Часть 3. Нумерация: «первую»
Употребление порядкового числительного «первую» в контексте фразы о странности вносит в повествование мощный элемент системности, упорядоченности и предопределённости. Странность не представлена здесь как некий единичный, случайный курьёз, досадное недоразумение или локальная аномалия, а как начало некоего ряда, серии, последовательности. Это сразу же создаёт у читателя устойчивое ожидание продолжения, развития, нарастания аномального элемента. Сама нумерация придаёт хаотичному, по определению, и иррациональному явлению видимость порядка, почти научной классификации. Возникает ощущение, что странности следуют некой, пока ещё неясной читателю, но, вероятно, известной повествователю внутренней логике или плану. Повествователь выступает здесь не только как свидетель, но и как таксономист, каталогизатор нарушений реальности, который аккуратно расставляет их по полочкам с ярлыками «№1», «№2» и так далее. Этот приём необычайно важен для создания особой атмосферы главы, где даже хаос подчинён некоей высшей, пусть и дьявольской, систематике.

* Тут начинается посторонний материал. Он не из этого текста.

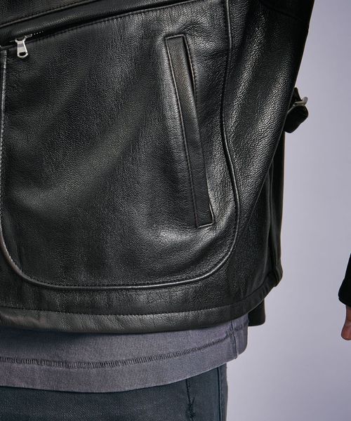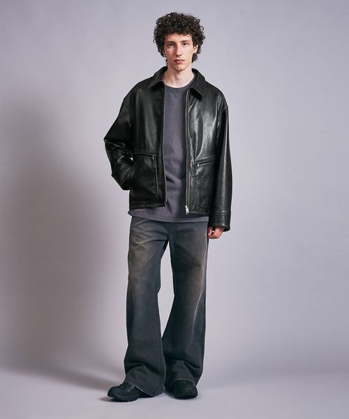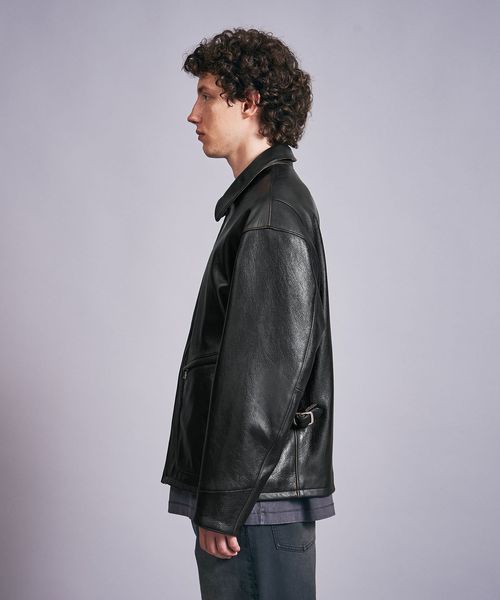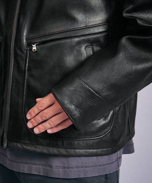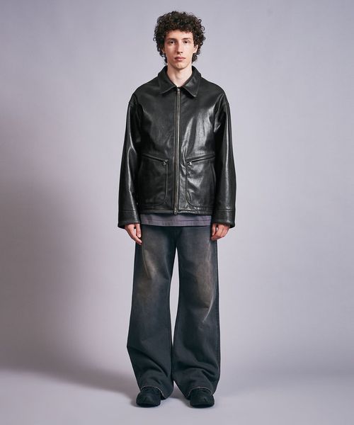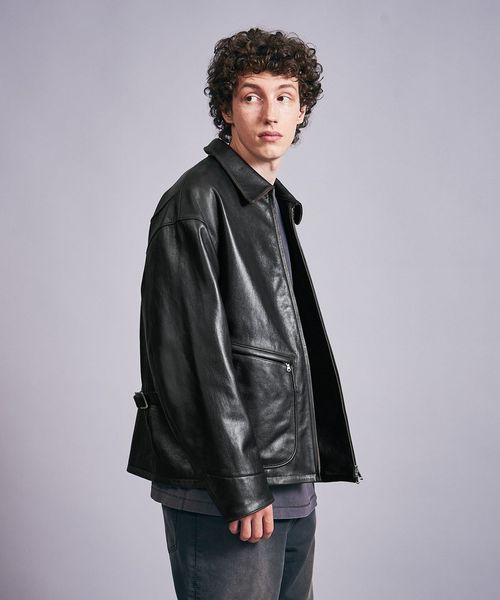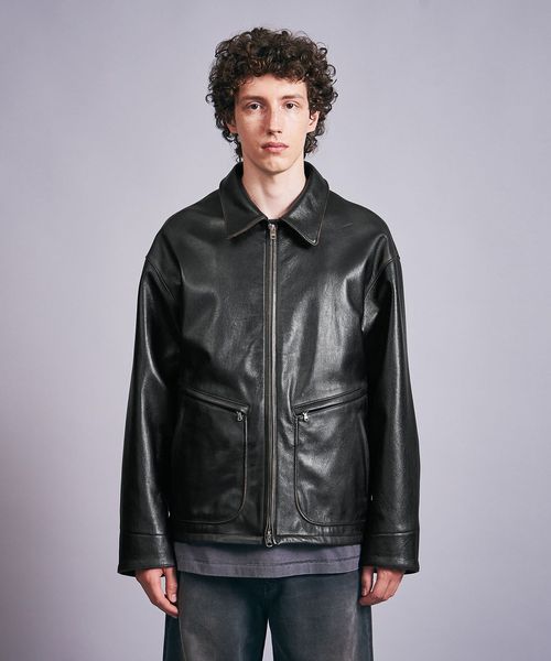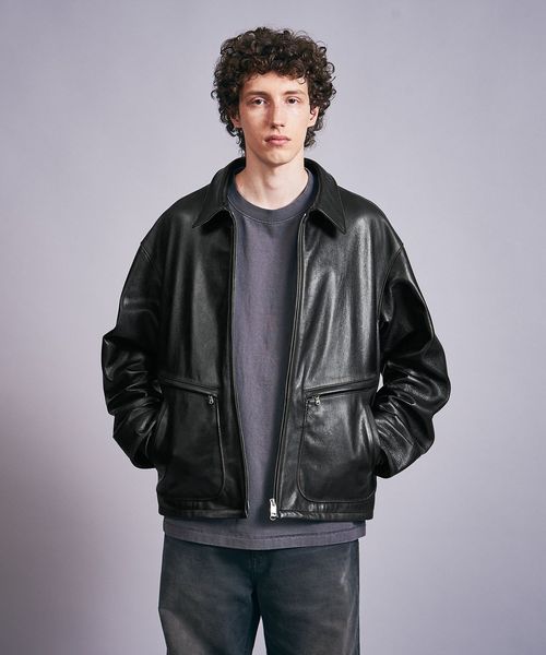 ビンテージライクなシボ感が特徴的な山羊革を採用したオーバーサイズのフライトジャケット。

Эффект каталогизации, создаваемый словом «первую», невольно сближает манеру повествования с языком научного отчёта, следственного протокола, бюрократической сводки или клинического описания. Впоследствии, на протяжении всего романа, Булгаков будет неоднократно и с блестящим сарказмом использовать подобные бюрократические формы для описания самых фантастических событий: сводки о внешности Воланда, протоколы допросов в психиатрической клинике, справки, акты и т.д. Нумерация первой странности оказывается пародийным предвосхищением, лёгкой стилизацией под этот всёпроникающий язык учёта и контроля. Необъяснимое, потустороннее явление описывается в категориях, присущих самой что ни на есть рациональной, бумажной реальности советских учреждений. Этот приём создаёт один из фирменных видов булгаковского гротеска, где абсурд облачается в строгую, даже педантичную форму системности, что лишь подчёркивает его глубинную, неустранимую природу. В мире, где всё должно быть учтено и пронумеровано, даже чёрт и его проделки получают свой порядковый номер.

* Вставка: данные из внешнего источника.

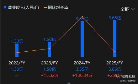 咱看下傅里叶,其2023年至2025年的收入曲线:1.5亿、3.55亿、3.66亿。其中最剧烈的爬升发生在2023-2024年,一年内实现翻倍以上增长,三年年复合增速高达56.2%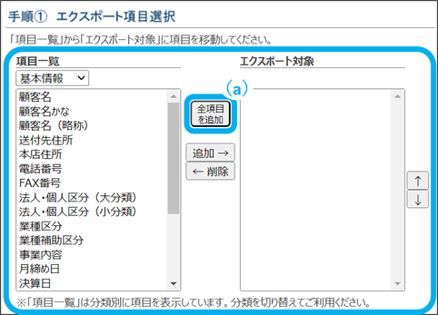 ※「法人・個人区分(大分類)」「法人・個人区分(小分類)」は、2項目セットでないとエクスポートできません。

Простое указание на то, что странность является «первой», имплицитно подразумевает существование как минимум второй, а возможно, и третьей, четвёртой и так далее. Это создаёт чёткий структурный каркас, скелет для построения всей первой главы. Читатель, услышав это «первую», подсознательно начинает искать, выделять и маркировать в своём сознании последующие аномальные события, ожидая, когда же повествователь formally объявит о «второй странности». Таким образом, нумерация становится активным инструментом управления читательским вниманием и структурирования текста. Она заставляет воспринимать главу не как непрерывный, плавный поток событий, а как последовательность дискретных, отчётливых эпизодов;странностей, каждая из которых является смысловой и эмоциональной вехой на пути к кульминации — встрече с Воландом. Каждая такая точка становится ступенью, по которой читатель вместе с героями спускается (или восходит) в царство иррационального, и нумерация помогает осознать эту поступательность, это нарастание.

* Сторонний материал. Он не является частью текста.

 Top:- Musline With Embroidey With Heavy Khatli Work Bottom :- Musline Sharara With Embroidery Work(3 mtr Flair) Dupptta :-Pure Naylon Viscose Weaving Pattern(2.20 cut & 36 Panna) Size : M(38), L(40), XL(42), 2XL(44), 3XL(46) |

С психологической точки зрения, нумерация странностей работает как мощный усилитель ощущения нарастающей угрозы, саспенса. Если странность объявлена «первой», то логично и неизбежно ожидать, что за ней последует вторая, и можно быть почти уверенным, что вторая будет сильнее, значительнее, страшнее первой. Это классический приём создания напряжения в мистической и хоррор;литературе, где серия загадочных событий обычно предваряет появление главного источника зла. Булгаков, будучи тонким знатоком и ценителем этой традиции, мастерски использует данный приём, хотя и облачает его в свою характерную, слегка ироническую форму. Ирония заключается, среди прочего, в том, что «первая» странность (описание пустоты аллеи) сама по себе довольно безобидна, почти невинна. Это не кровавое видение и не явление призрака, а всего лишь отсутствие людей там, где они должны быть. Однако сама по себе нумерация, сам факт, что это отсутствие удостоилось звания «первой странности», уже настраивает восприятие на тревожный, щемящий лад, заставляя видеть в обычной пустоте зловещий знак.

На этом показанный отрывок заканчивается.